- **Entries supplied**:
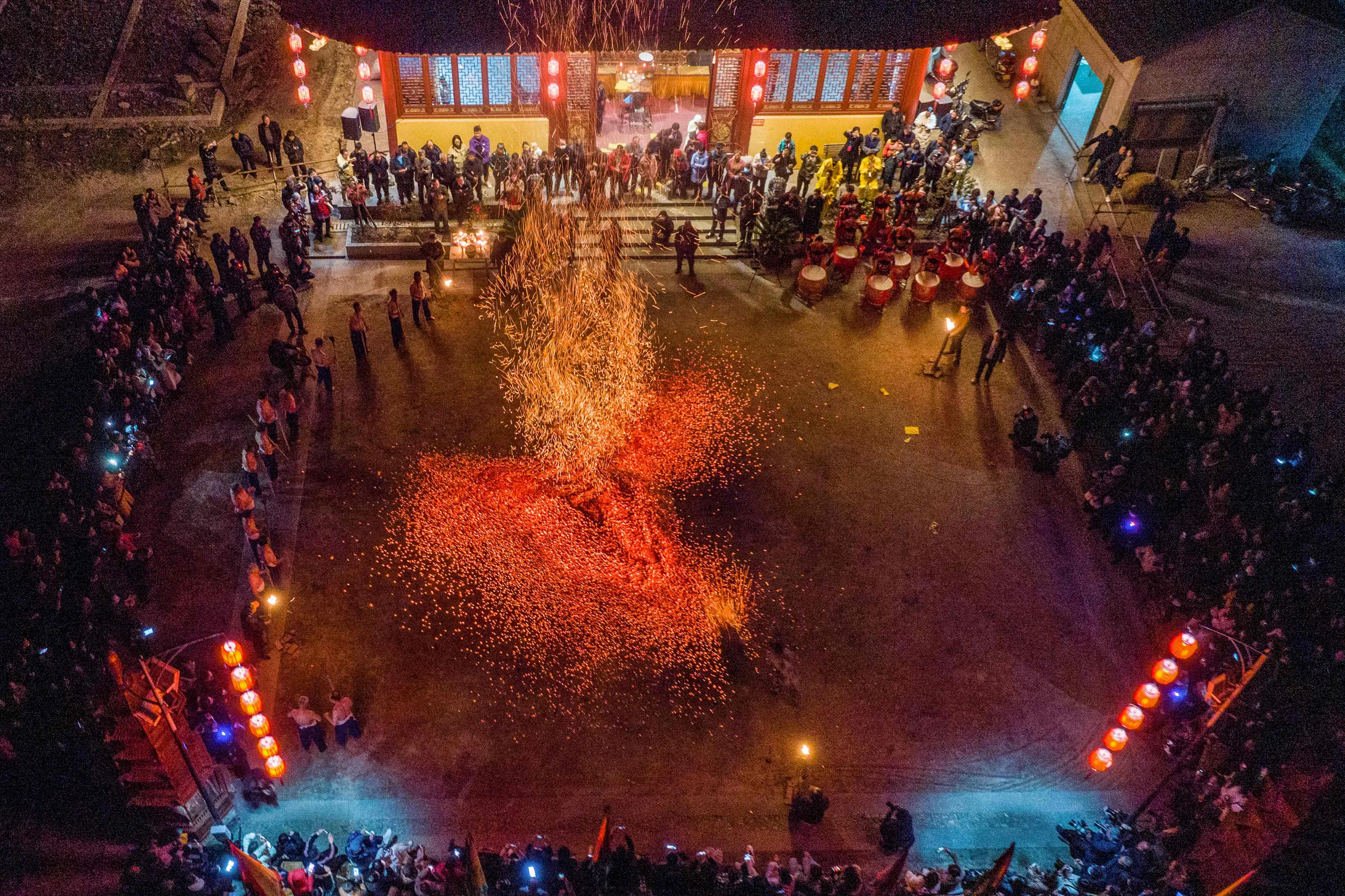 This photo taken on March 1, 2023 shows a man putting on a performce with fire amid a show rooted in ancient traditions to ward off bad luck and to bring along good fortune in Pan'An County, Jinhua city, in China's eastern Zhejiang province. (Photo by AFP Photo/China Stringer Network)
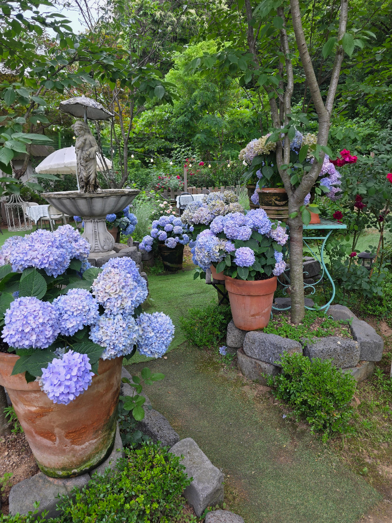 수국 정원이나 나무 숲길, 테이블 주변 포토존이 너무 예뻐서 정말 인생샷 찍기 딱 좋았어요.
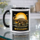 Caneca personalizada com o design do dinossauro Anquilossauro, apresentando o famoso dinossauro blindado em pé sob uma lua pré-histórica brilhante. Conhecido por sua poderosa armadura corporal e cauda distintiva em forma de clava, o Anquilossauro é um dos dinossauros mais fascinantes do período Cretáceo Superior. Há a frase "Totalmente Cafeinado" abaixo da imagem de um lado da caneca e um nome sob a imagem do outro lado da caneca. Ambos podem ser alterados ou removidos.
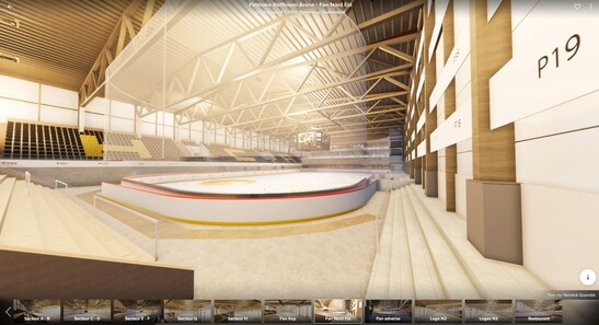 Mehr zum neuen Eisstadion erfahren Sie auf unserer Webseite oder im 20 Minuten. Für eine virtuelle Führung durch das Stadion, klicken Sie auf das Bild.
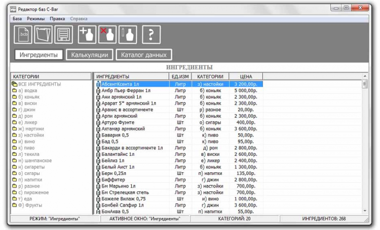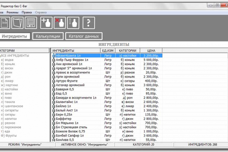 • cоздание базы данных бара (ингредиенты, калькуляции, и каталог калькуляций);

- **What you will do**: Give the data above again in full and unchanged, skipping the pictures.

- **Output for this task**:
 This photo taken on March 1, 2023 shows a man putting on a performce with fire amid a show rooted in ancient traditions to ward off bad luck and to bring along good fortune in Pan'An County, Jinhua city, in China's eastern Zhejiang province. (Photo by AFP Photo/China Stringer Network)
 수국 정원이나 나무 숲길, 테이블 주변 포토존이 너무 예뻐서 정말 인생샷 찍기 딱 좋았어요.
 Caneca personalizada com o design do dinossauro Anquilossauro, apresentando o famoso dinossauro blindado em pé sob uma lua pré-histórica brilhante. Conhecido por sua poderosa armadura corporal e cauda distintiva em forma de clava, o Anquilossauro é um dos dinossauros mais fascinantes do período Cretáceo Superior. Há a frase "Totalmente Cafeinado" abaixo da imagem de um lado da caneca e um nome sob a imagem do outro lado da caneca. Ambos podem ser alterados ou removidos.
 Mehr zum neuen Eisstadion erfahren Sie auf unserer Webseite oder im 20 Minuten. Für eine virtuelle Führung durch das Stadion, klicken Sie auf das Bild.
 • cоздание базы данных бара (ингредиенты, калькуляции, и каталог калькуляций);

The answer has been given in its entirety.